Microarray analysis of environmental samples

Details about sample collection and processing, DNA extraction and microarray analysis are available in the Supplementary Information. Briefly, three sets of environmental samples were collected from soil, seawater and human saliva. First, both control (C1–C6) and warming (W1–W6) soils were collected from the unclipped subplots of control and warmed (+2 °C) plots, respectively, in Purcell, OK in July 2010 (Zhou et al., 2012). Second, five oil-contaminated samples (BM053, BM054, BM057, BM058 and BM064) and five control samples (OV003, OV004, OV009, OV013 and OV014) were collected from the Gulf of Mexico during two monitoring cruises from 27 May to 2 June in 2010 (Hazen et al., 2010; Lu et al., 2012). Third, human saliva samples were taken from each of 10 caries-active and 10 caries-free individuals after an oral health survey at Sun Yat-sen University in China in 2009 (Yang et al., 2012).

Genomic DNAs isolated from each sample were purified, labeled and then hybridized on the developed array. The hybridized arrays were scanned with a NimbleGen MS 200 Microarray Scanner (Lu et al., 2012). Scanned images were extracted and quantified using NimbleScan software (Roche NimbleGen, Madison, WI, USA), followed by data preprocessing (Wu et al., 2006; He et al., 2007; Van Nostrand et al., 2009; He et al., 2010a). Positive and negative controls were included to check hybridization, gridding and data normalization and comparison, containing (i) 8 degenerate probes targeting 16S rRNA sequences as positive controls, (ii) 563 strain-specific probes targeting 7 hyperthermophile genomes as negative controls, and (iii) common oligonucleotide reference standard for data normalization and comparison (Liang et al., 2010).
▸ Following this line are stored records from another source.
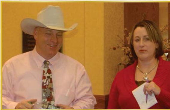
2014 SIMMENTAL BANQUET

Named after a good friend who has done four tours, STH Major Lovett makes us proud just like his namesake! An American Pride son out of our really good DBE Ruby Tuesday cow, he's got power and style galore! Be sure to check him out, you won't be disappointed.
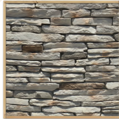
Hamilton Laurel Cavern Ledge
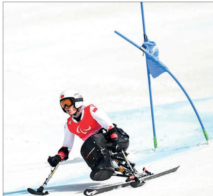
Jesper Pedersen of Norway competes during the alpine skiing men's giant slalom sitting of Beijing 2022 Winter Paralympic Games at National Alpine Skiing Centre in Yanqing District of Beijing, capital of China, 10 March 2022.

JESPER Pedersen of Norway grabbed his third gold medal of the Beijing Paralympic Winter Games in convincing fashion, winning the men's giant slalom sitting on Thursday.
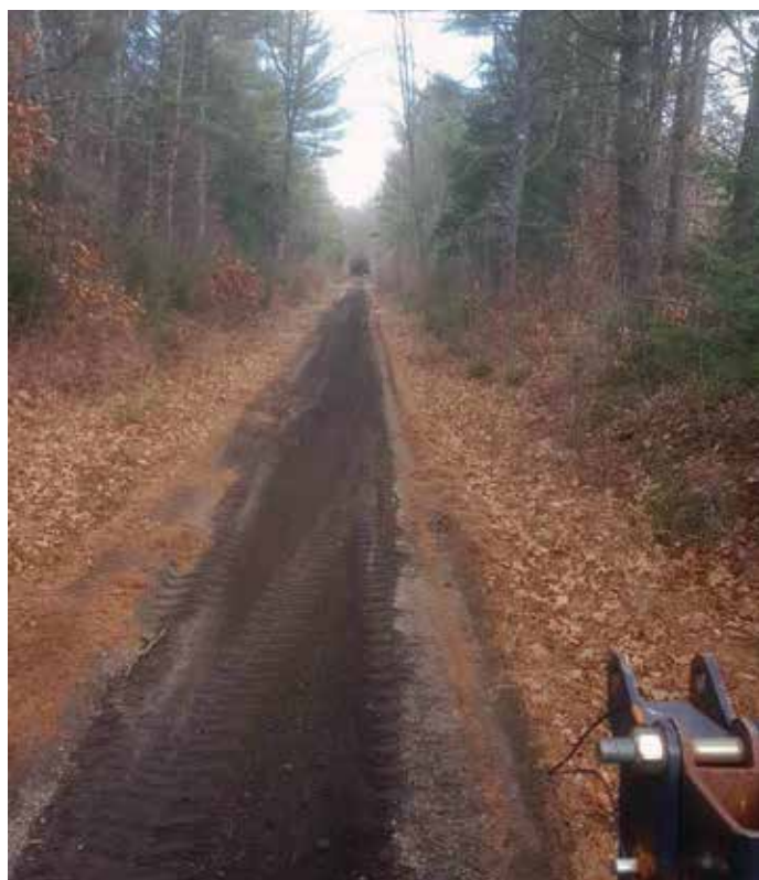
ITS 71 has been cleared, brushed, and graded.

We hope the snow continues to fly and everyone has a safe season.
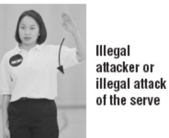
Indicate side at fault
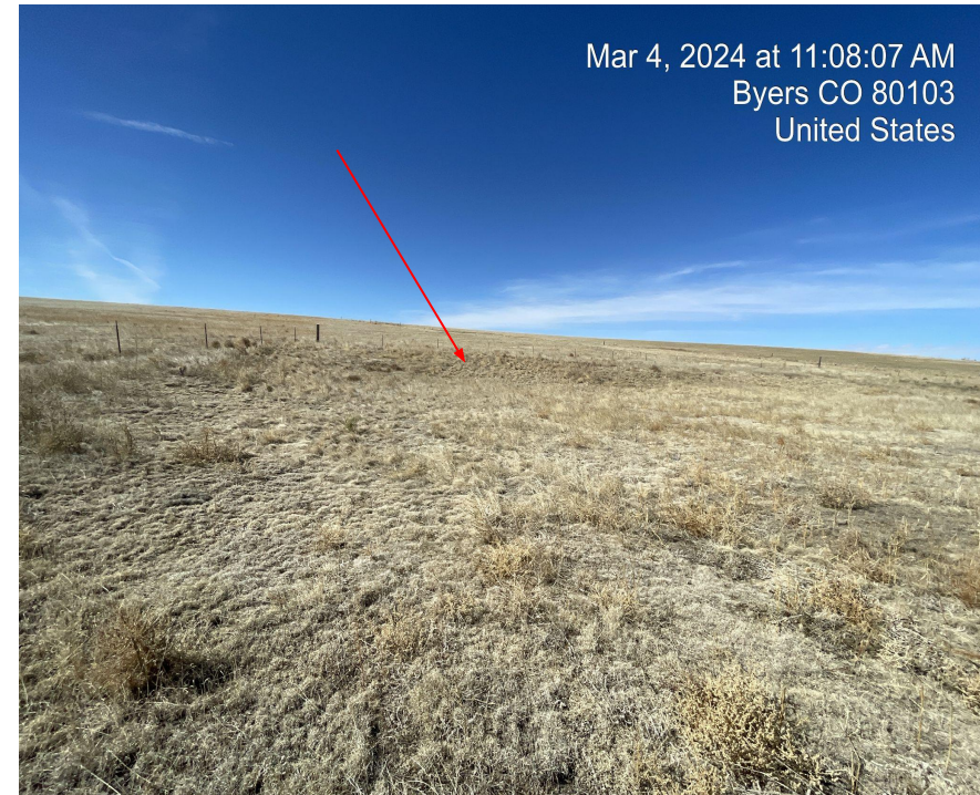
Photo 12. Photo taken facing southwest of pad reclamation area of vegetation and weeds (russian thistle & kochia) and cut slope not recontoured to native landscape (indicated by red arrow).
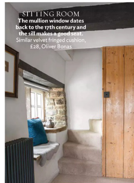
SITTING ROOM The mullion window dates back to the 17th century and the sill makes a good seat. Similar velvet fringed cushion, £28, Oliver Bonas

All hybridization data of functional gene arrays are available at the Institute for Environmental Genomics, University of Oklahoma, OK, USA (http://ieg.ou.edu/4download/).

Statistical analysis

Preprocessed microarray data obtained from each environment sample were used for statistical analyses using the vegan package in R 2.9.1 (R Development Core Team, 2006). Virulence gene diversity was calculated using Simpson’s reciprocal index (1/D), Shannon-Wiener’s diversity index (H′) and evenness (E). Student’s t-test and Response ratio (Luo et al., 2006) were performed to measure the effects of environmental stimuli on the structure and diversity of microbial communities harboring virulence genes. Detrended correspondence analysis (DCA) was used to determine the overall changes in the occurrence and distribution of virulence genes in each microbial community (Zhou et al., 2008). Three different non-parametric analyses for multivariate data were performed to examine the structure and diversity of microbial communities harboring virulence genes in soil, oil-contaminated seawater and oral samples: (1) analysis of similarities (ANOSIM; Clarke, 1993, 2) non-parametric multivariate analysis of variance using distance matrices (ADONIS; Anderson, 2001), and (3) multi-response permutation procedure (MRPP; Mielke and Berry, 2001; McCune and Grace, 2002). Bray–Curtis similarity index was used to calculate the distance matrix for all the three methods.

Results

Overview of the PathoChip

Pathogenicity is determined by multiple virulence factors, including adherence, colonization, immune evasion, secretion system, invasion, toxin production and iron uptake (Wu et al., 2008). Thus these virulence factors may serve as specific markers for the detection and identification of pathogenic potential in clinical and environmental samples. The new functional gene array, the PathoChip, contained a total of 3715 best probes designed from 16 762 protein-coding sequences belonging to 13 bacterial virulence factors (available at http://ieg.ou.edu/FGPD/summary4.cgi; Table 1). The PathoChip covers 7417 protein-coding sequences from 1397 microbial species (2336 strains). Among the probes in the chip, 316 (8.5%) probes are sequence-specific, while 3399 (91.5%) probes are group-specific. Those probes targeting two or more sequences were classified as group-specific probes; however, 98.2% of the group-specific probes were identified as strain- or species-specific probes.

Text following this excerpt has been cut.